A Private Opinion of Pope Francis
An acquaintance of mine was polling those of us who converted under Pope Benedict XVI (or B-16, as we affectionately refer to him) our opinions of the current Holy Father, Francis, and what is our reaction to him: as if the sheep are supposed to have a ‘reaction’ to the shepherd placed over us. Hm.
I thought my readers might also be interested, as this Pope seems to have stirred up more controversy among the lazy and chattering crickets of the press corps than any Pope since World War Two.
My reaction is one of delight. I believe the Holy Spirit Himself must have prompted Pope Benedict to retire, something that has not been done in centuries, to make way for this next man.
Now, let me explain one thing: my opinion of Pope Francis is not based on the newspaper reports.
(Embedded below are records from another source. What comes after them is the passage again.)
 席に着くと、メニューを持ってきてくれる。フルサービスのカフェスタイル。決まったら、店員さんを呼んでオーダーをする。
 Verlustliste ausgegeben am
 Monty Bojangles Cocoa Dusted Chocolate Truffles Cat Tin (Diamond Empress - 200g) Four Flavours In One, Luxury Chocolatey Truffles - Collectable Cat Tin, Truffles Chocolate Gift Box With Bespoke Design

I am a newspaperman and newspaper editor from way back, and I know how the press works, and I do not trust them.
The lazy and dishonest mainstream press has decided to portray the Holy Father as some sort of Leftist reformer or Marxist revolutionary, and, to my intense disgust, the lazier elements of the rightwing alternate press has followed suit.
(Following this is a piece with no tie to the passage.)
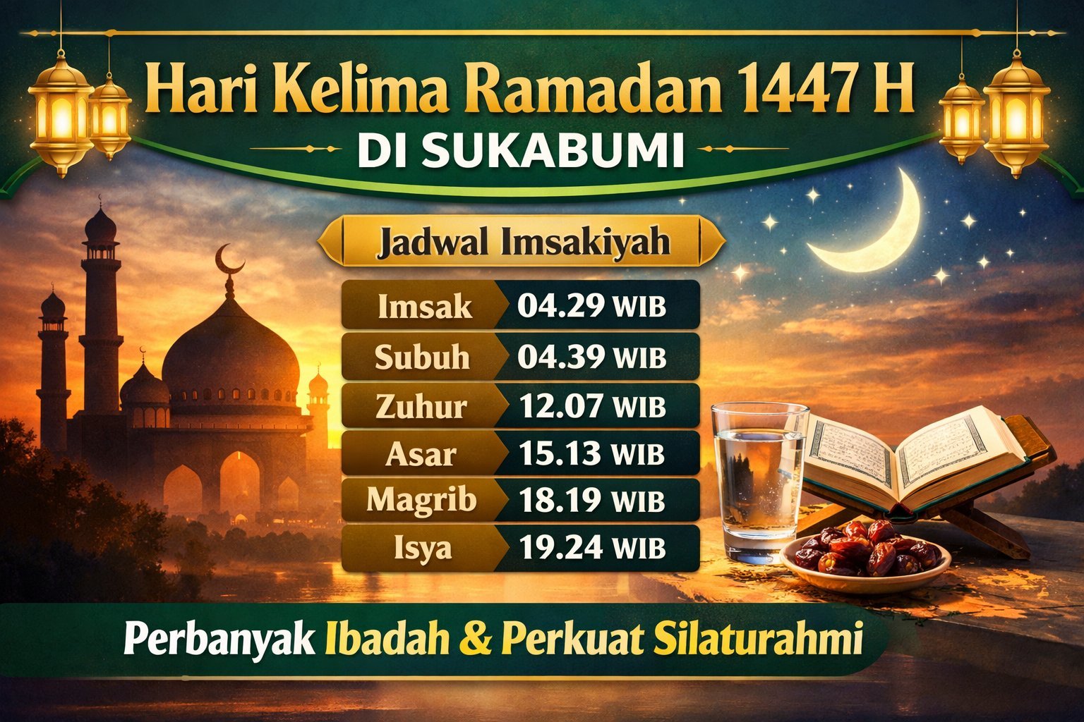 INILAHSUKABUMI.COM – Umat Muslim di Kota dan Kabupaten Sukabumi memasuki hari kelima ibadah puasa Ramadan 1447 Hijriah pada Senin, 23 Februari 2026. Sebelumnya, pemerintah melalui Kementerian Agama Republik Indonesia telah menetapkan 1 Ramadan 1447 H jatuh pada Kamis, 19 Februari 2026, sehingga hari ini bertepatan dengan 5 Ramadan 1447 H.

The first dozen or so times the press quoted something that sounded extraordinary, and I took the time to trace the comment back to its original source, I found that, in context, the Holy Father’s comment was entirely orthodox, and entirely in keeping with the traditional teaching of the Mother Church since time immemorial.
It happened over and over again. Reading about the support of His Holiness for the Global Warming fraud, or his Marxist disdain for capitalism, I looked up the original document or original report, only to see some utterly orthodox Christian teaching on stewardship of God’s gift of the Earth to Man, or Christian warnings against wealth and worldliness as old as Moses.
And after a dozen times, my openmindedness creaked shut: I now simply dismiss, sight unseen, any such extraordinary quotes. Perhaps the Pope in his private opinions leans more to the Left than the average American. I care not. The Church has, in history, blossomed under the Emperors of Rome and Byzantium, who were elected by the army; under sacred kingship, under parliaments, under republics, and even under the tyranny of the Turks. The Church has also opposed all these things because She opposes the world. The Church will be here long after America sinks under the weight of our own corruption, long after the collapse of the North American Federation which comes next, or the Co-Dominium World-State, or the Long Night, or the Instrumentality of Man or the whatever comes after that.
I dare say that the Church will still be here, and her teaching will be remembered, unchanged, as a magician once said of the unicorn, “she will remember them all when men are fairy tales in books written by rabbits.”
Therefore I dismiss and despise the press-created image of the Pope as an illusion, as gossip, as nonsense. Why the Good Lord has decided to arrange to have the press, our natural enemy and the enemy of the faith, be charmed and pleased by this Pope, I have no idea. God’s ways are not our ways. What shall come of it, not even the wise can foresee.